At present, most of the pig semen diluents used in pig raising places in China take glucose as a main nutrient component, the nutrient components of the system are less and less along with the lapse of time after storage, the osmotic pressure and the acidity are continuously increased, and the living environment of sperms is mutated after accumulation to a certain degree, so that the sperms are difficult to survive, so that a large amount of sperms usually lose activity after 2-3 days, and the storage time is short; meanwhile, due to the influence of factors such as diversity of boar sources and complexity of climate environment, the using effect of the existing diluting preservative sold on the market is obviously different.

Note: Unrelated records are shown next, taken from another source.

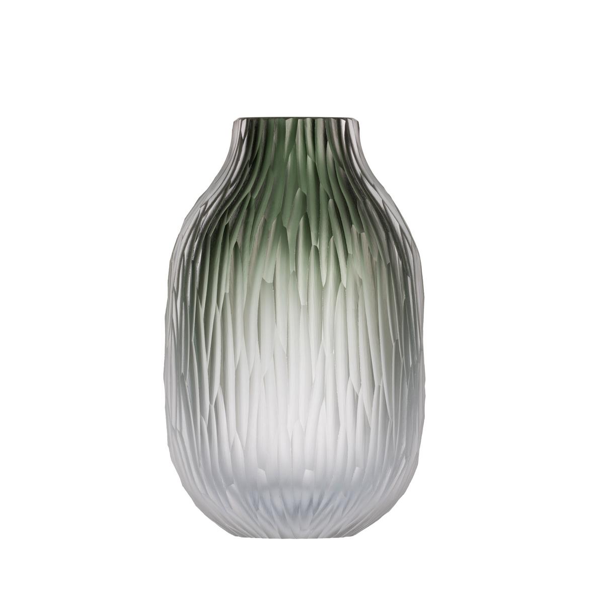 Prämiertes Design im Einklang mit der Natur. Die Vasen "Pinea" von Moser reflektieren harmonisch die Farben und Texturen der noblen Pinie. Das rauchige Grün der Nadeln erfüllt das mundgeblasene böhmische Kristallglas wie ein feiner Farbnebel. Der von Hand gesetzte Schliff ist den organischen Texturen der Borke nachempfunden und fällt auf jedem Exemplar etwas anders aus. Ein mattes Satin-Finish verführt zum Berühren und Erforschen der faszinierenden Oberflächen. Die breite Vasenform eignet sich besonders für rundliche Bouquets und die schlanke Form für schmale, hohe Gestecke oder große Einzelblüten.
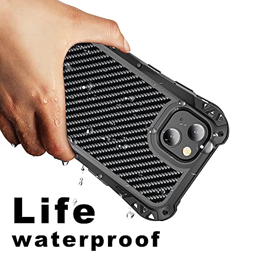 Custodia per iPhone 13 Pro Max [Fibra di Carbonio] Sottile Antiurto Anti-Impronte Digitali [Protezione Dalle Cadute] Ibrida in Lega di Zinco Silicio Cover con Vetro Temperato (Nero)
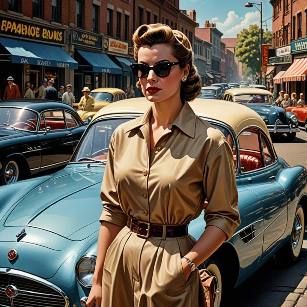 A hyperrealistic vintage advertisement featuring a beautiful lady in sunglasses posing with a sports car. The image boasts intricate details, high contrast, and a cinematic atmosphere, capturing the 1950s aesthetic.
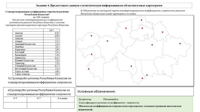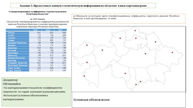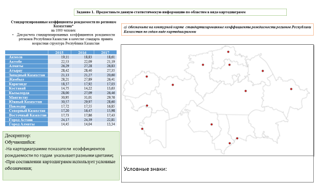 Учащиеся, отвечая на вопросы, определяют цели урока. ІІІ. Деятельность учащихся на уроке. Работа в парах: 1. Задание. Используя нижеследующие статистические сведения, необходимо построить диаграмму, отражающую процентное соотношение национального состава населения Казахстана. Национальный состав населения Казахстана. В республике, кроме казахов, проживают представители более 131 национальностей. По результатам переписи 2013 года, этносостав населения представлен следующим образом: казахи - 65,2%, русские - 21,8%, узбеки - 3%, украинцы - 1,8%, уйгуры - 1,4%, татары - 1,2% , немцы - 1,1%, корейцы - 0,6%, турки - 0,6% . После выполнения задания пары меняются работами с другими группами и оценивают их. Дескриптор оценки. 1. Умеет определять процентное соотношение. 2. Сопоставляет национальный состав. 3 Задание №2 Работа в группах. Используя данные тексты, изучает демографическую политику двух государств (рождаемость, смертность, естественный прирост, продолжительность жизни) и сопоставляет их (на примере Китая и Казахстана). Составляют прогнозы на будущее.
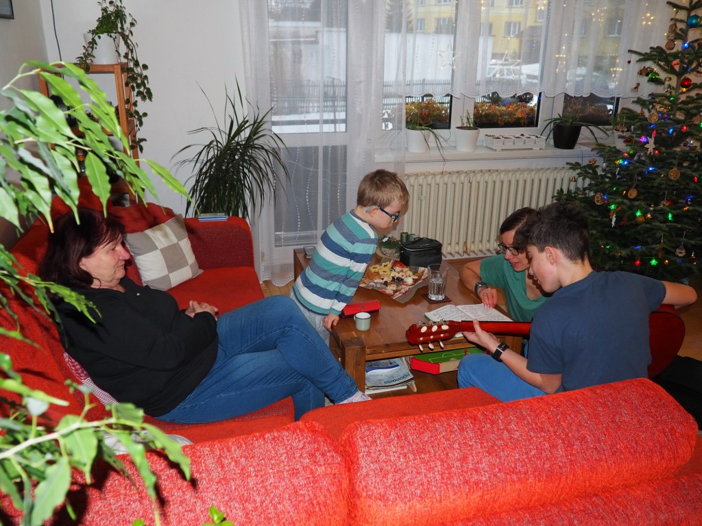 Na Štědrý den ráno jsme posnídali tradiční domácí vánočku, jejíž kynutí a pečení bylo předešlý večer trochu dobrodružné, protože na hodinu a půl vypadla elektřina. Ale nakonec se výtečně povedla a my si na ni mohli pochutnat. Pak jsme jeli vyzvednout babičku Irču do Ostravy a cestou domů jsme se zastavili na hřbitovy zapálit svíčky dědovi Mirkovi a dědovi Standovi.

Therefore, the long-acting boar semen diluting preservative which is suitable for being used in pig farms in China and has good preservation effect, long preservation time and high cost performance is developed, and has important significance.
Content of patent
Aiming at the defects of short preservation time, obvious difference in using effect and the like in the prior art, the invention provides a long-acting fresh pig semen diluting preservative and a using method thereof.
The technical scheme adopted by the invention for solving the technical problems is as follows: a diluting preservative for fresh pig semen is prepared from glucose, aminoglucose, trisodium citrate, EDTA dipotassium, urea, polyethylene glycol 10000, penicillin potassium, streptomycin sulfate, sodium bicarbonate, vitamin C, etc.
The preferred formulation of the components of the diluent preservative is as follows: 20-25 g of glucose, 2-7 g of glucosamine, 8-10 g of trisodium citrate, 1.3-1.5 g of dipotassium EDTA, 0.4-0.5 g of urea, 0.6 g of polyethylene glycol 10000, 80 million units of penicillin, 100 mg of streptomycin sulfate, 100 mg of vitamin C and a proper amount of sodium bicarbonate.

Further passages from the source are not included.